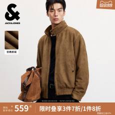 杰克琼斯行政夹克男2025秋季商务仿麂皮外套复古翻领短款上衣男装
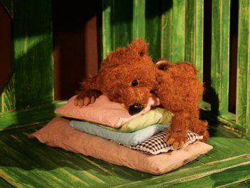 Der Herbst ist fast vorbei. Mit seinem Wind zerzaust er nochmal die Bäume, zupft und rupft die letzten braunen Blätter von den Ästen und wirbelt sie durch die Luft. Und eines, das landet auf der Nase vom Bär. Der kommt gerade aus dem Wald und hat einen schweren Bauch vom Fressen – die letzten Nüsse und Pilze. Und schwere Beine hat er auch – so müde vor dem Winterschlaf. Langsam stapft er zu seiner Bärenhöhle. Er freut sich auf sein weiches Winterschlafbett. Auf der wird er sich ausstrecken, sich räkeln und zusammenrollen. Und dann wird er federleicht auf ihr ins Land der Träume segeln. Es ist soweit. Er plumpst auf sein Bett, streckt sich, räkelt sich und rollt sich zusammen. Doch was ist das? Da pikst und kneift etwas! Der Bär schüttelt sein Bett aus. Und? Hat nichts geholfen, kein Rütteln und kein Schütteln! So kann der Bär nicht schlafen. Und wenn er nicht schlafen kann, kriegt er schlechte Laune. Wie soll das bloß weitergehen?
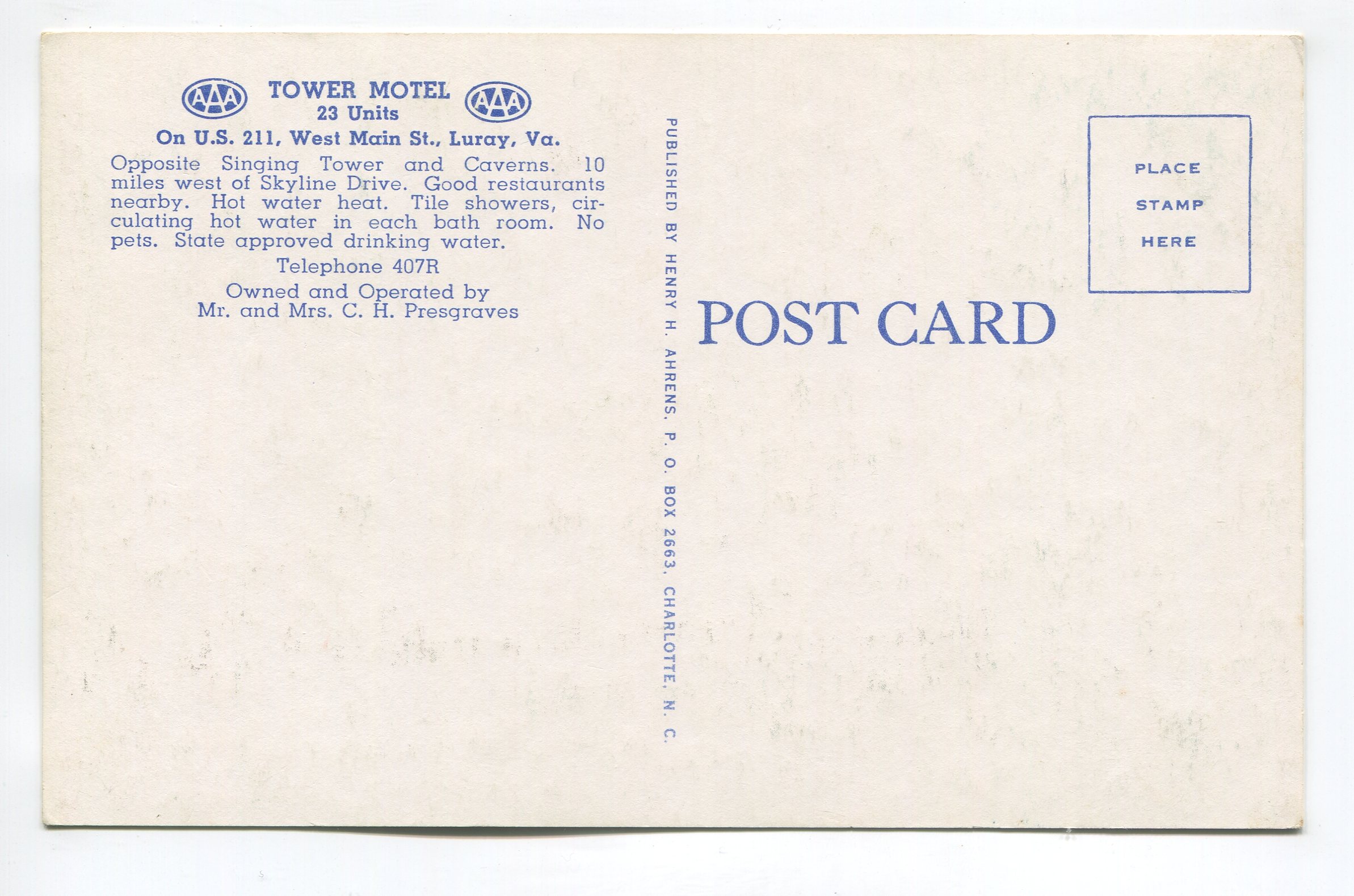 Tower Motel on US 211 West Main Street Luray Virginia

### INSTRUCTIONS TO FOLLOW:
Please transcribe each line above exactly, but leave the images out.

### SOLVED PROBLEM:
 杰克琼斯行政夹克男2025秋季商务仿麂皮外套复古翻领短款上衣男装
 Der Herbst ist fast vorbei. Mit seinem Wind zerzaust er nochmal die Bäume, zupft und rupft die letzten braunen Blätter von den Ästen und wirbelt sie durch die Luft. Und eines, das landet auf der Nase vom Bär. Der kommt gerade aus dem Wald und hat einen schweren Bauch vom Fressen – die letzten Nüsse und Pilze. Und schwere Beine hat er auch – so müde vor dem Winterschlaf. Langsam stapft er zu seiner Bärenhöhle. Er freut sich auf sein weiches Winterschlafbett. Auf der wird er sich ausstrecken, sich räkeln und zusammenrollen. Und dann wird er federleicht auf ihr ins Land der Träume segeln. Es ist soweit. Er plumpst auf sein Bett, streckt sich, räkelt sich und rollt sich zusammen. Doch was ist das? Da pikst und kneift etwas! Der Bär schüttelt sein Bett aus. Und? Hat nichts geholfen, kein Rütteln und kein Schütteln! So kann der Bär nicht schlafen. Und wenn er nicht schlafen kann, kriegt er schlechte Laune. Wie soll das bloß weitergehen?
 Tower Motel on US 211 West Main Street Luray Virginia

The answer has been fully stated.